__Work item__
Take the listing from its first line through the line that contains "There is a display" and please retype those lines exactly, leaving out the pictures.

__Data provided__
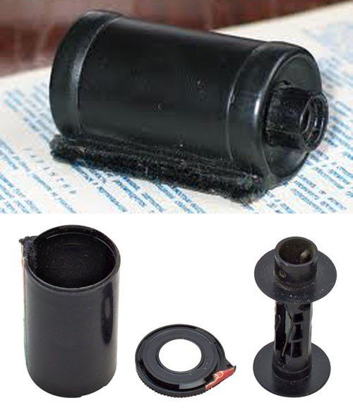 Так вот, в полной темноте – в ванной комнате или с намотанными на руку одеялами – надо было плёнку вынуть из упаковки и намотать на маленькую бобину вроде катушки для ниток, затем вставить бобину в кассету и закрыть крышечку. Чтобы научиться этому, сперва тренировались на уже проявленных отснятых плёнках на свету. И только после того, как плёнка заряжена в кассету, её можно было вставлять в фотоаппарат.
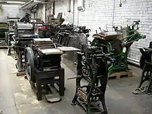There is a display of lead glyphs for typesetting. These would be set into a forme so that the text read backwards and upside down, then inked and pressed against paper using a platen in a printing press. The display includes various kinds of printing presses, including a Wharfedale stop cylinder press.[6]
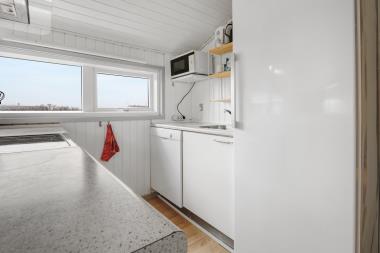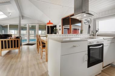 Godt udnyttet hus med pool på 110 m2. med 3 soverum (1DS, 1DS, 1DS). Køkkenhjørne med komfur med glaskeramiske kogeplader, emhætte, køleskab med fryseboks, mikroovn og opvaskemaskine.
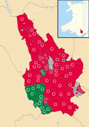 ![]() Map showing the results of the 2017 Caerphilly County Borough Council election. Red showing Welsh Labour, Green showing Plaid Cymru & grey showing independent candidates. | |||||||||||||||||||||||||||||||||||||||||||||||
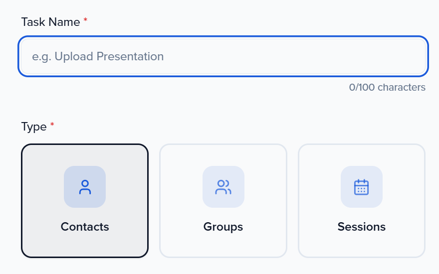 After creating a custom field or identifying the standard field you’d like to use, be sure to update all relevant records (e.g., contacts, sessions, or groups) with the information you want to display in the task description or as the task link using that field. You can do this manually or via import.

__Solved problem__
 Так вот, в полной темноте – в ванной комнате или с намотанными на руку одеялами – надо было плёнку вынуть из упаковки и намотать на маленькую бобину вроде катушки для ниток, затем вставить бобину в кассету и закрыть крышечку. Чтобы научиться этому, сперва тренировались на уже проявленных отснятых плёнках на свету. И только после того, как плёнка заряжена в кассету, её можно было вставлять в фотоаппарат.
There is a display of lead glyphs for typesetting. These would be set into a forme so that the text read backwards and upside down, then inked and pressed against paper using a platen in a printing press. The display includes various kinds of printing presses, including a Wharfedale stop cylinder press.[6]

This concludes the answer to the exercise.